Body weight (grams) of female mice (CL n = 6, CD n = 6) from which placental samples were collected (A) just prior to pairing for timed breeding (Student’s unpaired 2-tailed t-test, t = 0.83, df = 10, p = 0.43) and (B) when pregnant at E15.5 just prior to tissue collection (Student’s unpaired 2-tailed t-test, t = 0.72, df = 10, p = 0.49). (C) Number of viable embryos per dam counted within the uterine horns (Student’s 2-tailed unpaired t-test, t = 0.18, df = 10, p = 0.86). (D) Sex ratio of viable embryos per dam, as determined by PCR of fetal tail snip and subset confirmed by RNA sequencing (Student’s 2-tailed unpaired t-test, t = 1.67, df = 10, p = 0.12). (E) Average placental wet weight (grams) per dame (Student’s 2-tailed unpaired t-test, t = 0.16, df = 10, p = 0.87). (F) Average placental wet weight (grams) per dam, stratified by sex (1-way ANOVA, F (3, 20) = 0.73, p = 0.55). All data are presented as mean ± SEM.

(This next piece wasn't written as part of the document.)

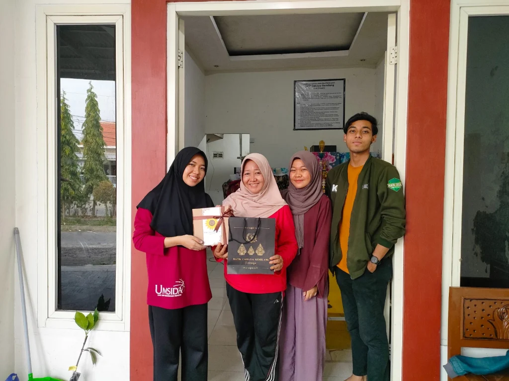 Mahasiswa Kuliah Kerja Nyata Pengabdian Kepada Masyarakat (KKN Abdimas) Universitas Muhammadiyah Sidoarjo (Umsida) yang berbasis di Desa Kalipecabean, Sidoarjo, melakukan redesain kemasan batik UKM Cahaya Gemilang.

Placentas were collected at the late stage of pregnancy and sequenced for gene expression. Among the most highly expressed transcripts across all placenta samples (regardless of exposure) were Tpbpa, Prl3b1, Tpbpb, Psg21, Prl8a9, and Psg23, gene expression typical of trophoblasts [30]. The EnrichR pathway analysis of the top 100 most highly expressed placental genes indicated enrichment for mouse placental tissue (q<0.05, S1 File) in the Mouse Gene Atlas database, as expected, and, interestingly, for the CLOCK, NELFA, and HSF1 transcription factors in the ChEA database. CLOCK is a core component of the circadian clock, and as mediator of the maternal and fetal environments, the placenta may function as a peripheral oscillator; we have previously shown that placental gene expression varies seasonally [31], which suggests sensitivity to seasonal environmental exposures such as light and temperature. Top KEGG pathways were: “antigen processing and presentation”, “protein processing in endoplasmic reticulum”, “lysosome” and “HIF-1 signaling pathway”; likewise, top GO pathways were related to immune signaling and protein processing, with terms such as “ATF6-mediated unfolded protein response”, “neutrophil degranulation”, “collagen binding”, “secretory granule lumen”, and “focal adhesion” (S1 File).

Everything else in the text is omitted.